⟨
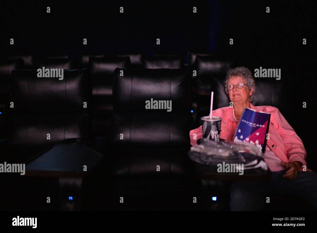 Yonkers Usa 23rd Oct 2020 Moviegoer Bernadette Reynolds From Yonkers Watches Trailers Inside Showcase Cinema De Lux Theaters Before The Start Of A Movie On The First Day Of Movie Houses Allowed
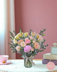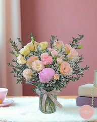 A graceful blend of blush peonies, soft yellow and cream roses, and delicate pink carnations, elegantly styled in a glass vase with baby’s breath and soft foliage. This arrangement radiates serenity and charm, making it perfect for birthdays, get well wishes, or simply to brighten someone’s day.
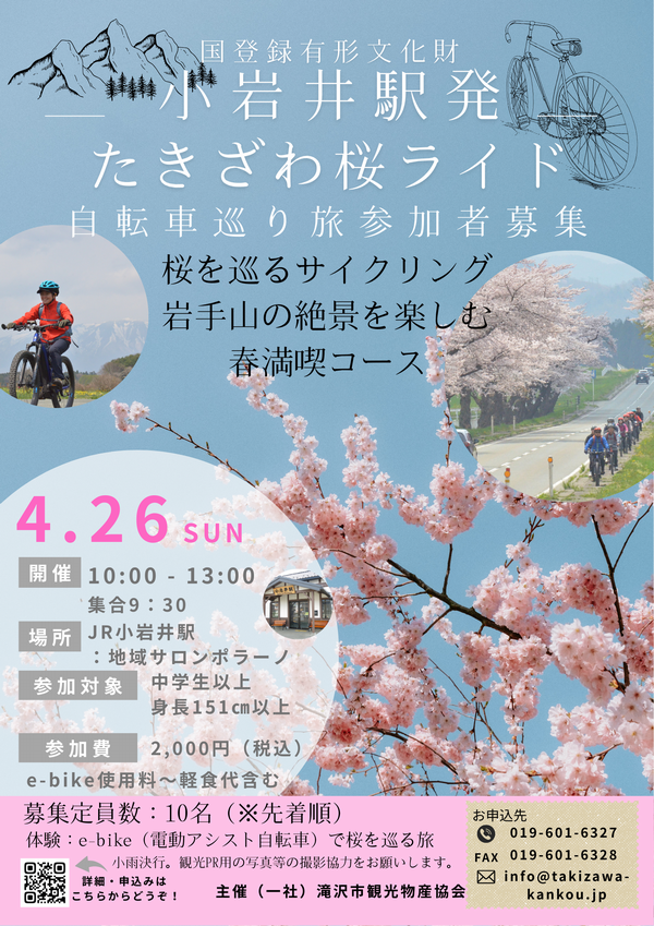 春の滝沢を自転車で巡りませんか?昨年、国登録有形文化財に登録されたJR小岩井駅を出発し、満開の桜並木や岩手山の雄大な景色を楽しむサイクリングイベント「たきざわ桜ライド」を今年も開催いたします!e-bike(電動アシスト自転車)を使用するため、体力に自信がない方でも安心してご参加いただけます。春風を感じながら、桜と自然の絶景を満喫する特別なひとときをお届けいたします。
⟩
*WHAT YOU SHOULD DO:* Your copy must begin at the line containing "A graceful blend" and end at the last line of the material above. Reproduce each line exactly, but not the pictures.

*RESPONSE TO THE TASK:*
 A graceful blend of blush peonies, soft yellow and cream roses, and delicate pink carnations, elegantly styled in a glass vase with baby’s breath and soft foliage. This arrangement radiates serenity and charm, making it perfect for birthdays, get well wishes, or simply to brighten someone’s day.
 春の滝沢を自転車で巡りませんか?昨年、国登録有形文化財に登録されたJR小岩井駅を出発し、満開の桜並木や岩手山の雄大な景色を楽しむサイクリングイベント「たきざわ桜ライド」を今年も開催いたします!e-bike(電動アシスト自転車)を使用するため、体力に自信がない方でも安心してご参加いただけます。春風を感じながら、桜と自然の絶景を満喫する特別なひとときをお届けいたします。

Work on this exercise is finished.